Дубовая дверь захлопнулась, надежно защитив мага от страшного Вышаты. Аваддон отдышался, вернул тело Годомысла на место (князь по-прежнему был без чувств) и встал на колени. Наступила заветная минута.
— О, великий и несокрушимый во времени Малах Га-Мавет, приди на вызов ученика твоего недостойного Ав Ад-Дона!
Чародей с надеждой устремил свой взор на зажатый в руке Талисман Абсолютного Знания. Некоторое время ничего не происходило. Между тем шум внизу все нарастал, словно там сражался не один человек против десятка монстров, а целая дружина! Тревога стала овладевать Аваддоном: неужели ангел смерти оставит его своей милостью именно в эту минуту?
Но ангел смерти снизошел до своего верного адепта. Он явился ему так, как никогда не являлся: без завесы хрустального шара, в своем подлинном естестве. Аваддон, который служил ему сотни лет, впервые увидел Ма-лаха Га-Мавета. А увидев, сразу же пожалел об этом (зачем ангел смерти разрешил узреть свой истинный лик, что позволено лишь тому, за кем он пришел?).

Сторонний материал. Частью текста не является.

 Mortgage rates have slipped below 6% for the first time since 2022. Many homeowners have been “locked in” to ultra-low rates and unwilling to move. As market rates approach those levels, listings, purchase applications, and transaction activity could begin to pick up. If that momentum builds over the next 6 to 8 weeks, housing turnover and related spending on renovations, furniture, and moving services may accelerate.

Малах Га-Мавет приблизился к Годомыслу и взял его за руку. Многочисленные глаза, которыми было покрыто его тело, одновременно смотрели во все стороны. Это было жутко. Аваддон отвернулся, чтобы не искушать ангела своим видом.

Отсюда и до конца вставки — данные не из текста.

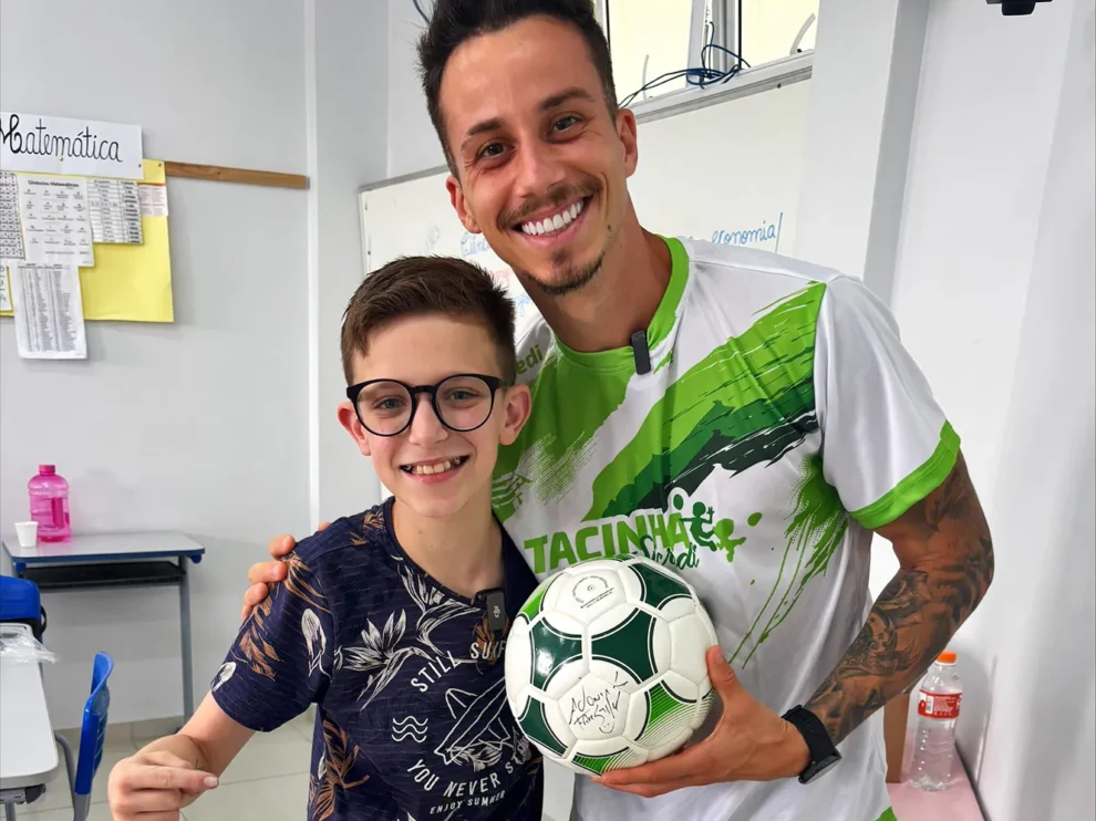 A emoção tomou conta do ambiente. Além de renovar a assinatura, Adonias presenteou Benício com uma bola e uma camisa autografadas, reforçando o vínculo com o esporte e a importância de acreditar nos sonhos. O atleta também distribuiu autógrafos para outras crianças e interagiu com a turma, tornando o dia especial para todos.

— Ты можешь приступать, — сказал Малах Га-Мавет тусклым, бесцветным голосом. — Он настолько слаб, что и комару сопротивляться не сможет.
Аваддон приблизился к Годомыслу и обхватил его голову своими руками. Голова князя была горячей, но вспухшие на висках вены бешено пульсировали в разрушающемся теле князя жизнь била ключом! Перенос отпечатка черной души чародея на светлую душу князя занял совсем немного времени. Прошло не более минуты, и чародей отошел от одра князя, уступив место Малаху Га-Мавету. Ангел смерти поманил к себе трепещущего Аваддона и приказал:
— Встань здесь и держи Талисман перед его глазами. Час настал!
Чародей встал, где ему указал ангел, и снял с шеи Талисман. В этот момент веки Годомысла дрогнули, и он широко открыл глаза. Говорить он не мог — отпечаток Аваддона уже вел в нем свою разрушительную работу. Чародей слегка качнул Талисман в своей руке, и он начал раскачиваться на цепи подобно маятнику. Влево — вправо, влево — вправо… Аваддон с усмешкой наблюдал за неистовой борьбой в душе князя, отражавшейся в его больших голубых глазах. Чародей упивался своей местью. Вот он — его поистине звездный час!
Скорость движения Талисмана-маятника все возрастала. Аваддон увидел, как потускнели глаза Годомысла, как затрепетали его веки, а тело затрясло мелкой дрожью. Критическая минута приближалась.
— Его дух ослабел, — сказал Малах Га-Мавет, — возьми его силу, а я возьму тело.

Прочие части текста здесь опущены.